At Gamescom 2019, Lanning announced that the game would come to consoles and Windows in 2020 or 2021, with the Windows version being an Epic Games Store exclusive release. He stated that the reasoning behind this is that as indie developers they had self-financed the game and required additional financial resources in order to deliver the high quality AAA game they set out to create. It was further showcased during Sony's PlayStation 5 event in June 2020, confirming that the game would be a console exclusive for both PlayStation 4 and PlayStation 5. Due to the COVID-19 pandemic, the game's production suffered yet another significant delay, with many of Oddworld Inhabitants' production team working from home. At The Game Awards 2020, a new trailer revealed a delay into Spring 2021, alongside opening pre-orders for the PC version.
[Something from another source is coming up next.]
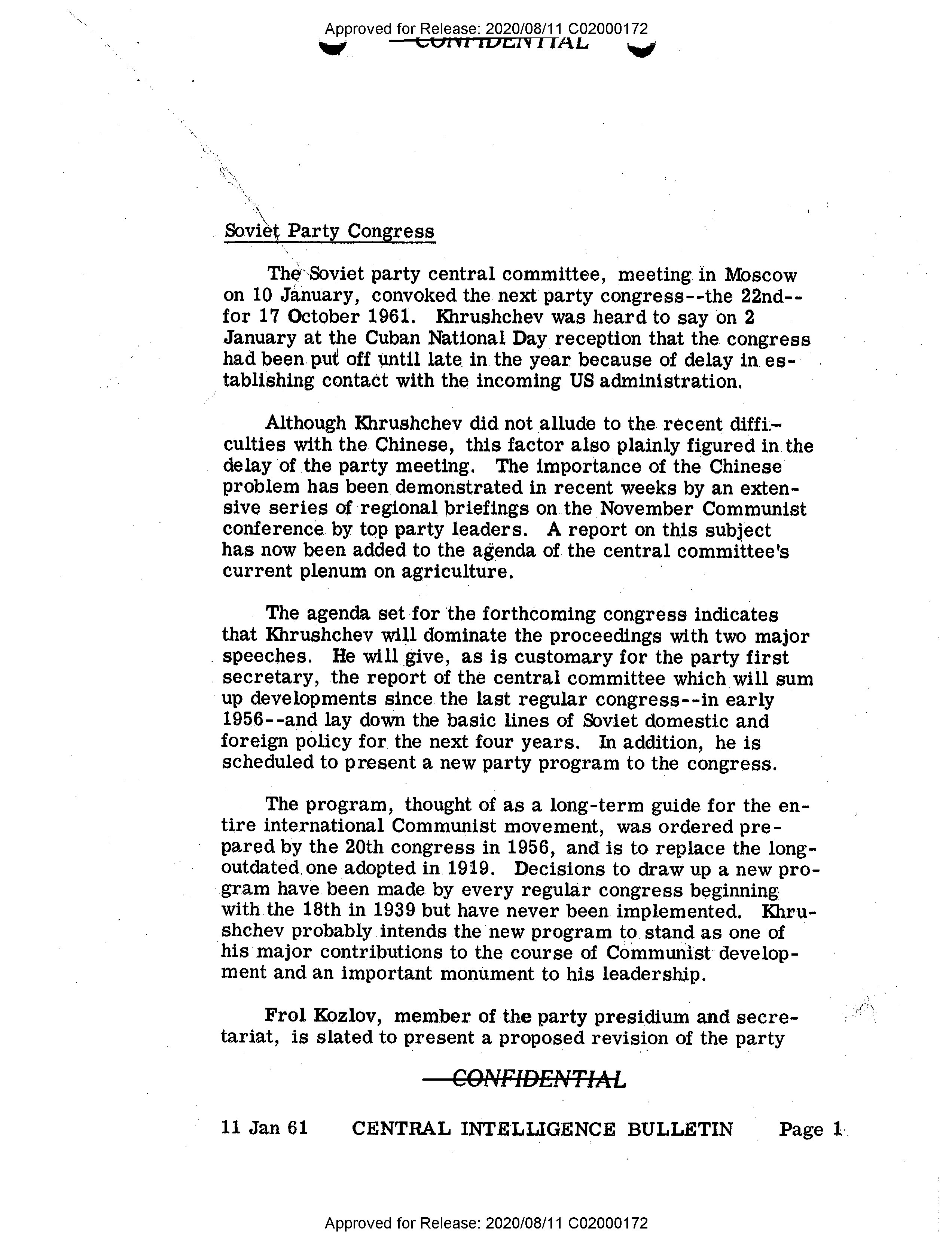 - Approved for Release: 2020/08/11 C02000172 # Soviet Party Congress The Soviet party central committee, meeting in Moscow on 10 January, convoked the next party congress--the 22nd--for 17 October 1961. Khrushchev was heard to say on 2 January at the Cuban National Day reception that the congress had been put off until late in the year because of delay in establishing contact with the incoming US administration. Although Khrushchev did not allude to the recent difficulties with the Chinese, this factor also plainly figured in the delay of the party meeting. The importance of the Chinese problem has been demonstrated in recent weeks by an extensive series of regional briefings on the November Communist conference by top party leaders. A report on this subject has now been added to the agenda of the central committee's current plenum on agriculture. The agenda set for the forthcoming congress indicates that Khrushchev will dominate the proceedings with two major speeches. He will give, as is customary for the party first secretary, the report of the central committee which will sum up developments since the last regular congress--in early 1956--and lay down the basic lines of Soviet domestic and foreign policy for the next four years. In addition, he is scheduled to present a new party program to the congress. The program, thought of as a long-term guide for the entire international Communist movement, was ordered prepared by the 20th congress in 1956, and is to replace the long-outdated one adopted in 1919. Decisions to draw up a new program have been made by every regular congress beginning with the 18th in 1939 but have never been implemented. Khrushchev probably intends the new program to stand as one of his major contributions to the course of Communist development and an important monument to his leadership. Frol Kozlov, member of the party presidium and secretariat, is slated to present a proposed revision of the party --- CONFIDENTIAL 11 Jan 61 CENTRAL INTELLIGENCE BULLETIN Page 1 Approved for Release: 2020/08/11 C02000172

Oddworld: Soulstorm was released for PlayStation 4, PlayStation 5, and Windows on April 6, 2021. On October 18, 2021, an enhanced edition was announced, which included improved gameplay mechanics, motion code, audio balance improvements, and polish. The enhanced edition was released for PC, PS4, PS5, Xbox One, and Xbox Series X/S on November 30. On April 20, 2022, a PC version for Steam was announced, and released on June 21. On July 18, 2022, a Nintendo Switch version was announced, subtitled Oddtimized Edition, and was released on November 18.

== Reception ==

Oddworld: Soulstorm received "mixed or average" reviews from critics, while the Xbox Series X/S version received "generally favorable" reviews, according to review aggregator website Metacritic.
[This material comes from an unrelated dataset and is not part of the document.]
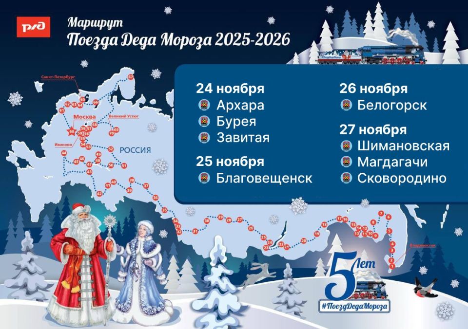 С 24 по 27 ноября новогодний экспресс сделает 8 остановок на станциях региона. Во время стоянок пройдет развлекательное представление с участием артистов. Посещение вагонов «Снежная Королева», «Лавка», «Буфет» для всех желающих - свободное.Отдельная...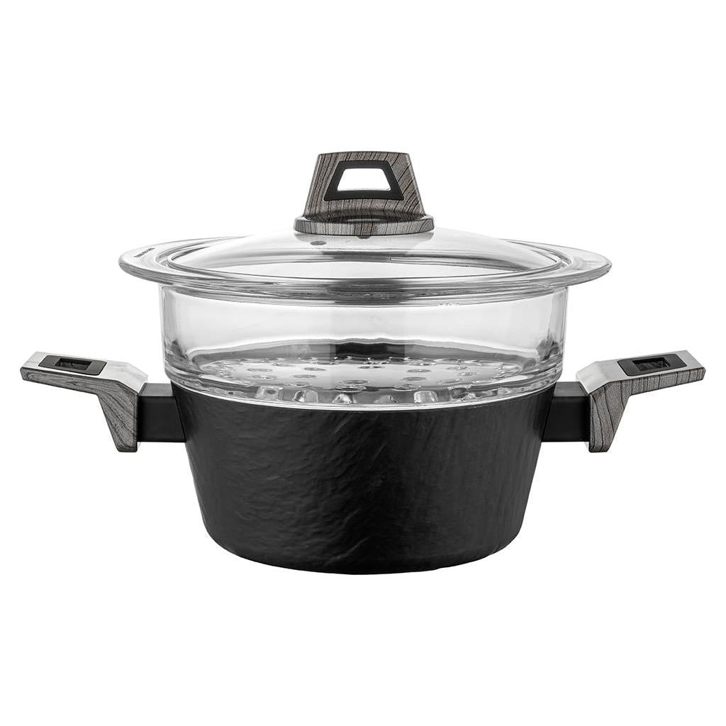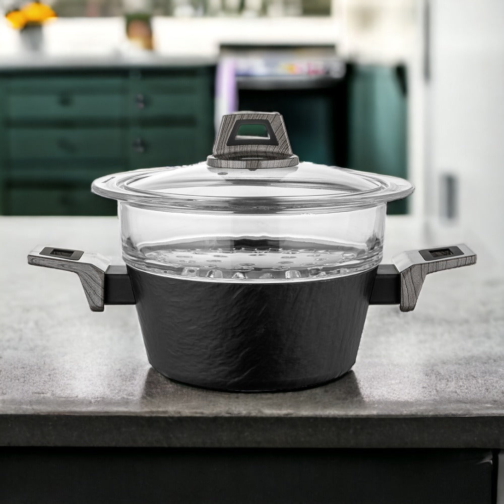 Hittebestendig glazen inzet met Soft Touch-handvat: De stoompan wordt geleverd met een glazen inzet en een comfortabel handvat dat niet warm wordt, waardoor je de pan veilig kunt optillen en verplaatsen.

Travis Northup of IGN considered it "an excellent remake of a delightfully weird '90s platformer with tons of charm, challenge... and annoying bugs". Chris Carter, writing for Destructoid, praised the levels for their openness and amount of content, as well as the variety in gameplay; he particularly commended the improvements to the series' mechanics, calling the movement system "one of the best parts of Soulstorm". However, he criticized aspects of menu navigation, writing it was "testy at times and requires a firm few (button) mashes to get going", as well as checkpoint placement and technical issues.

Aggregate score
| Aggregator | Score |
|---|---|
| Metacritic | PC: 73/100 PS5: 67/100 XSXS: 83/100 NS: 68/100 |

Review scores
| Publication | Score |
|---|---|
| Destructoid | 8.5/10 |
| Game Informer | 5/10 |
| GameRevolution | 7/10 |
| GameSpot | 6/10 |
| IGN | 7/10 |
| Nintendo Life | Star |
| PC Gamer (US) | 65/100 |
| Push Square | Star |
| Shacknews | 8/10 |
| TouchArcade | 3.5/5 |
| Video Games Chronicle | Star |
| VideoGamer.com | 6/10 |

=== Sales ===
The PlayStation 5 version of Oddworld: Soulstorm launched on PlayStation Plus, which led to it being downloaded over 4 million times. Lorne Lanning thought that this was "devastating" for the sales of the game.